--- INPUT Enclosed Below ---

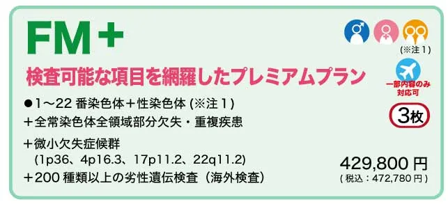 この図では、流産リスクの高い13・18トリソミーやモノソミー、また出生後に知的障がいや不妊症の原因となる性染色体異常など、幅広い疾患をその頻度とともに分類。どの検査プラン(GMプラン・FM+プラン)でどの領域をカバーできるのかも一目でわかるようになっています。
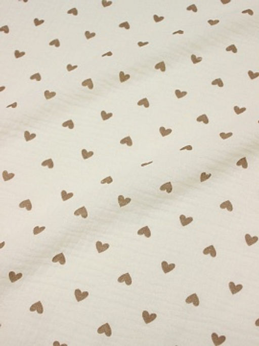 Муслин двухслойный с эф.жатости "Бежевые сердечки" цв.сливочный, ш.1.4м, хлопок-100%, 120гр/м.кв
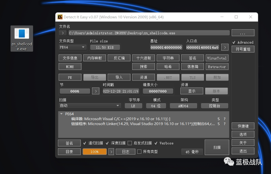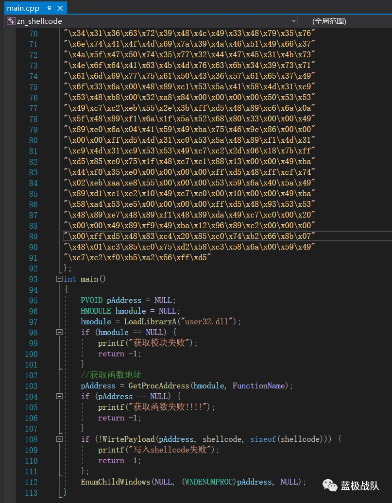 EnumChildWindows(NULL, (WNDENUMPROC)pAddress, NULL);整体思路已经整理清楚,创建一个main.cpp直接编译一个demo来测试一下,shellcode我直接使用msf生成的原生win64的shellcode。
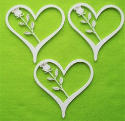 Fehér fa Rózsa szívben3db/ csomag 10x10cm
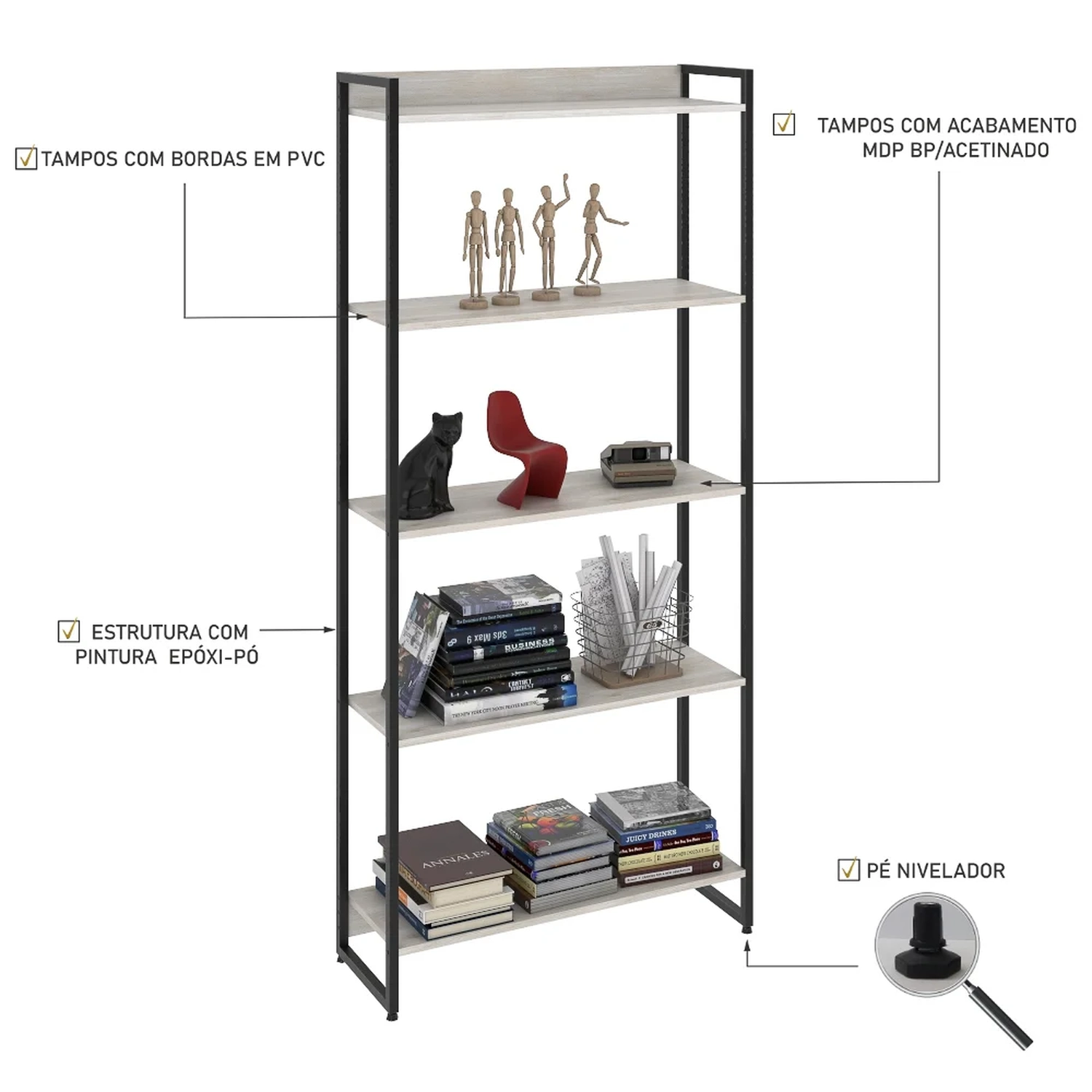 Estante Livreiro Dynamica Industrial 80cm 5 Prateleiras C08 Snow - Mpozenato 75023
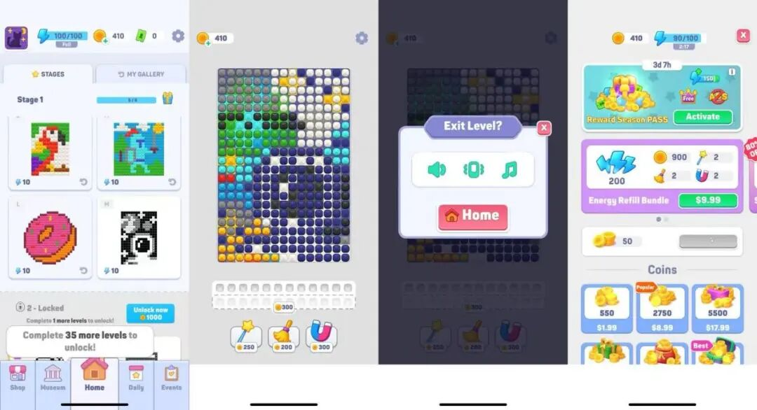 「Jewel Coloring」的登顶,证明了线下“拼豆”玩法在线上的“吸量”体质,但如何将人气转为内购收入,「Brilliant Sort」给出了自己的答案。

--- End of Enclosed INPUT ---

Your answer must consist only of the lines from the one containing "Fehér fa Rózsa szívben3db/ csomag 10x10cm" through the end of the entries, restated word for word, with no pictures.

## SOLUTION
 Fehér fa Rózsa szívben3db/ csomag 10x10cm
 Estante Livreiro Dynamica Industrial 80cm 5 Prateleiras C08 Snow - Mpozenato 75023
 「Jewel Coloring」的登顶,证明了线下“拼豆”玩法在线上的“吸量”体质,但如何将人气转为内购收入,「Brilliant Sort」给出了自己的答案。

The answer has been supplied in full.